**WORK TO BE COMPLETED**
Using the data that follows, output only the lines from the line with "帰ってきて荷物を片づけて、さ" up to and including the line with "- Reconocimiento finalizado: El", exactly, leaving pictures aside.

**MATERIAL TO PROCESS**
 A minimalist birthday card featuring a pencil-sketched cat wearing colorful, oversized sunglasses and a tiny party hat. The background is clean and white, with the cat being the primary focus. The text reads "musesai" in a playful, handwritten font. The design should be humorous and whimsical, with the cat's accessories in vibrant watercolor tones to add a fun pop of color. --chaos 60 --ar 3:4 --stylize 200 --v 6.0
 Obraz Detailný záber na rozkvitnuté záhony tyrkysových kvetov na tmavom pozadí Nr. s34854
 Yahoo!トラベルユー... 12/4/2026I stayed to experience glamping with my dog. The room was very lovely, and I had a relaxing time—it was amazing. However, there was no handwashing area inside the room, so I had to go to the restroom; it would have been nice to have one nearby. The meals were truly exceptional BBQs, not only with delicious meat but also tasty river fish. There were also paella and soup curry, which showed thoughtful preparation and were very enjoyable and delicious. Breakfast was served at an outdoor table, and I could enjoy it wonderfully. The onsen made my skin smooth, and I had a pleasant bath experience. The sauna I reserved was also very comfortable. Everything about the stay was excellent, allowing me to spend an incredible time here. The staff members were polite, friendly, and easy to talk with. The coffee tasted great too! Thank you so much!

* * *

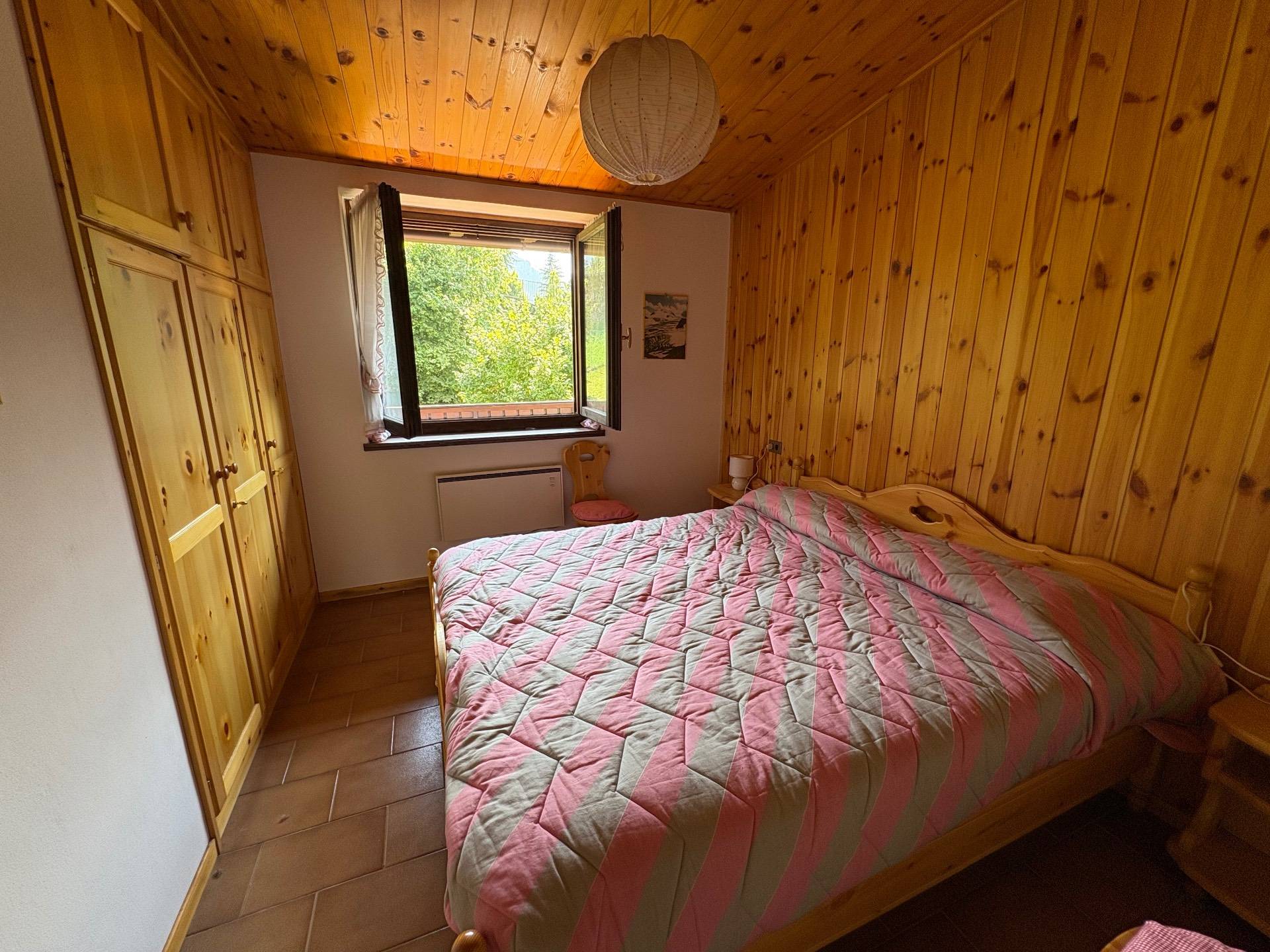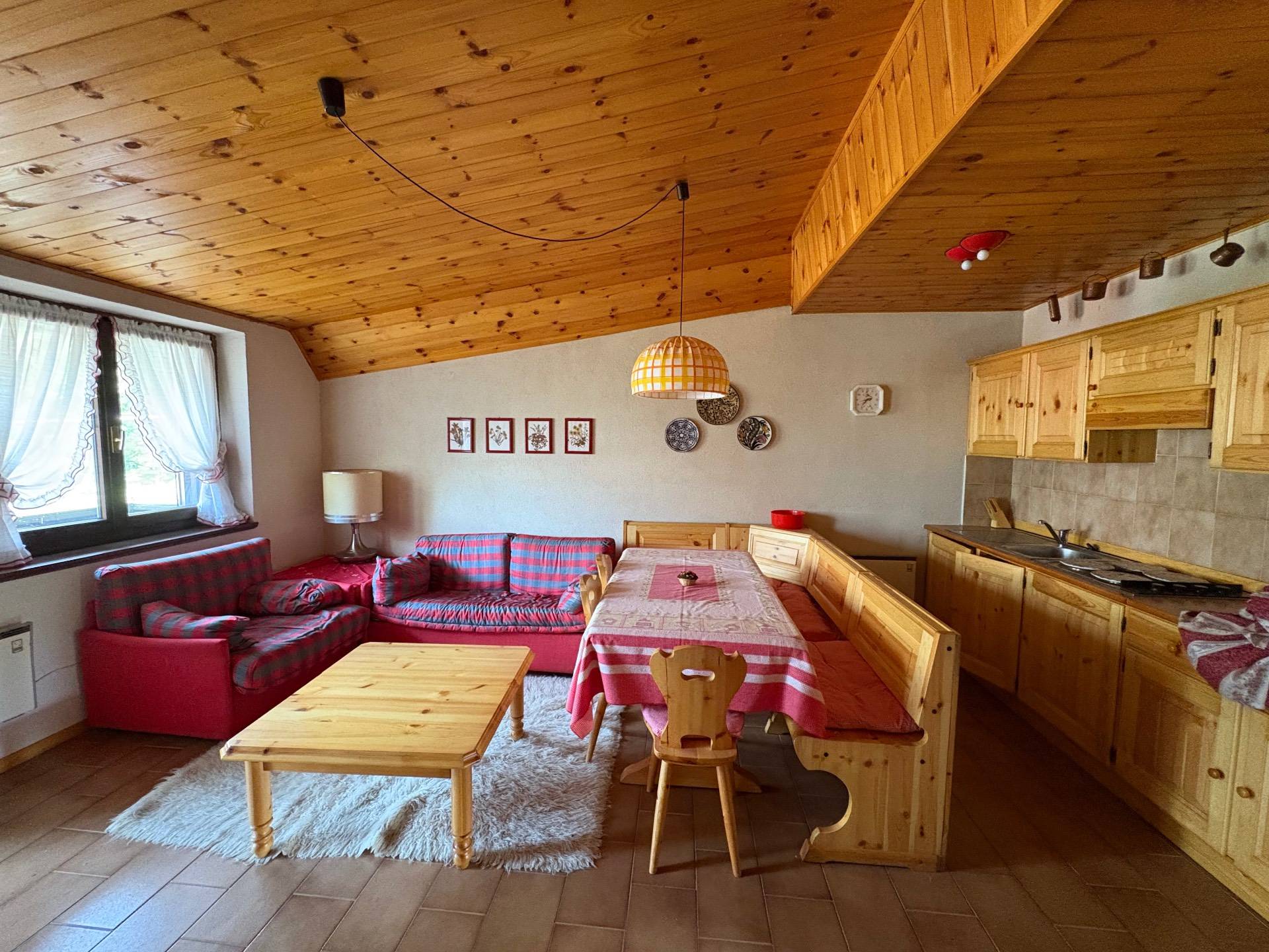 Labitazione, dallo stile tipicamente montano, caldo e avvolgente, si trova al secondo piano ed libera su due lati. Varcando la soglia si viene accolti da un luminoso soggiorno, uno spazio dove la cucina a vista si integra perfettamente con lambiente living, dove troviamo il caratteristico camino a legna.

* * *

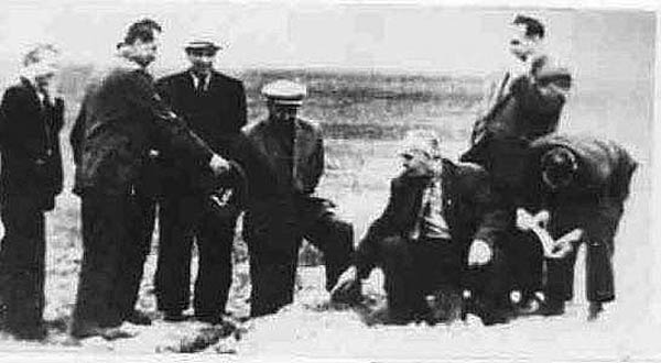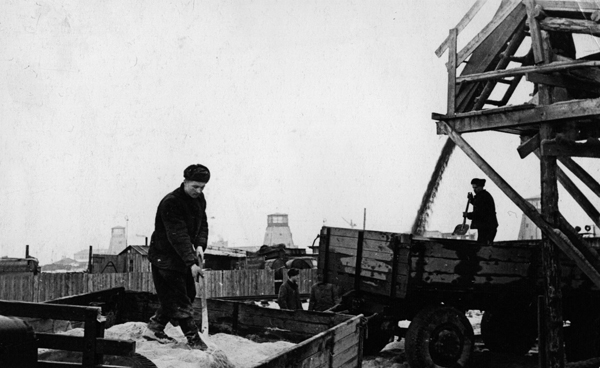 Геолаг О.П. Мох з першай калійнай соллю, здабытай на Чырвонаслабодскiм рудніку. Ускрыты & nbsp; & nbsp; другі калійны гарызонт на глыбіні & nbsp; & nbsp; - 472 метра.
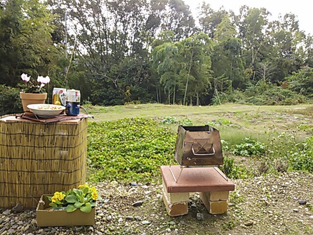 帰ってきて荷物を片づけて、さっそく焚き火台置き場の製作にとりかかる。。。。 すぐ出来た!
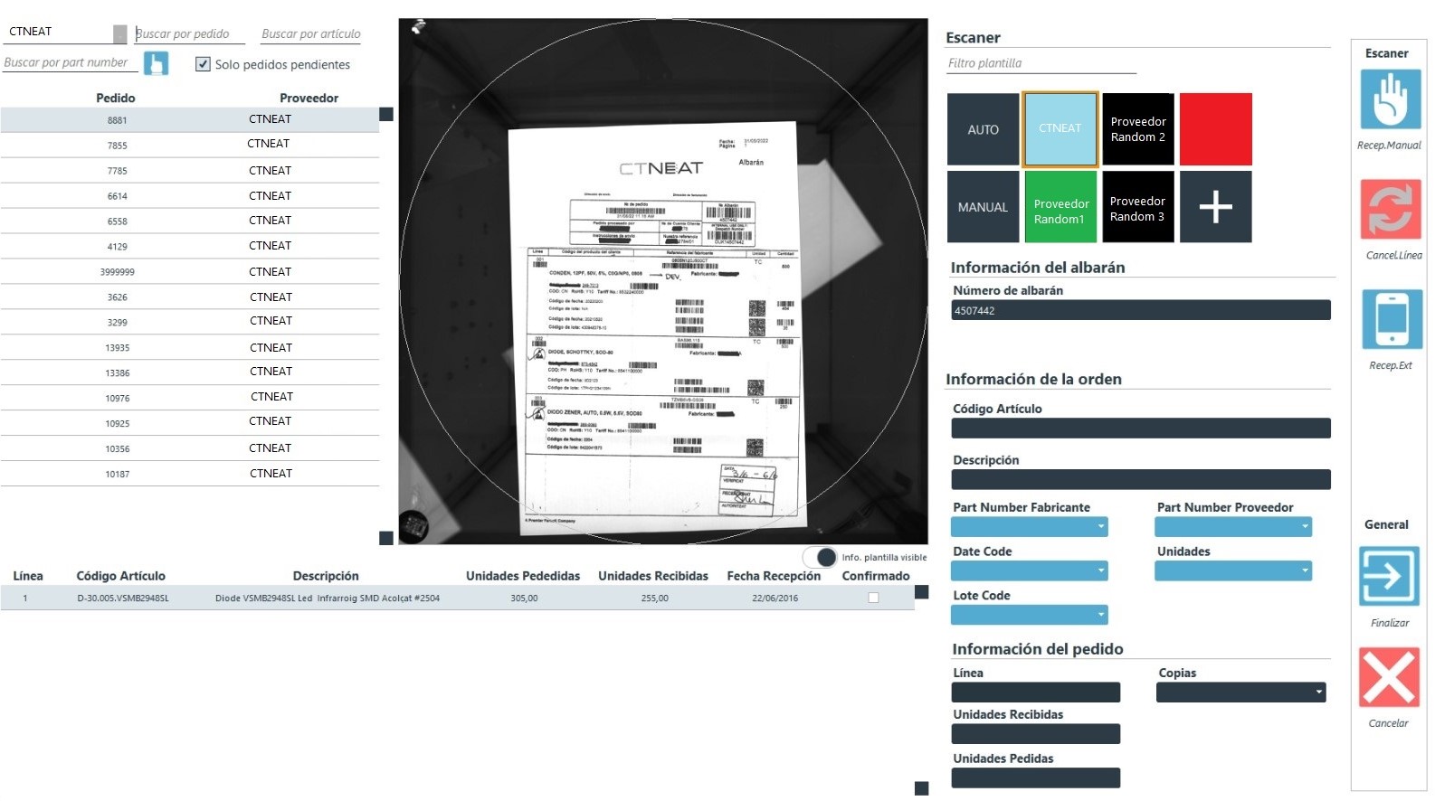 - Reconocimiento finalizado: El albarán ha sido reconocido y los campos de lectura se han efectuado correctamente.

**OUTPUT BELOW**
 帰ってきて荷物を片づけて、さっそく焚き火台置き場の製作にとりかかる。。。。 すぐ出来た!
 - Reconocimiento finalizado: El albarán ha sido reconocido y los campos de lectura se han efectuado correctamente.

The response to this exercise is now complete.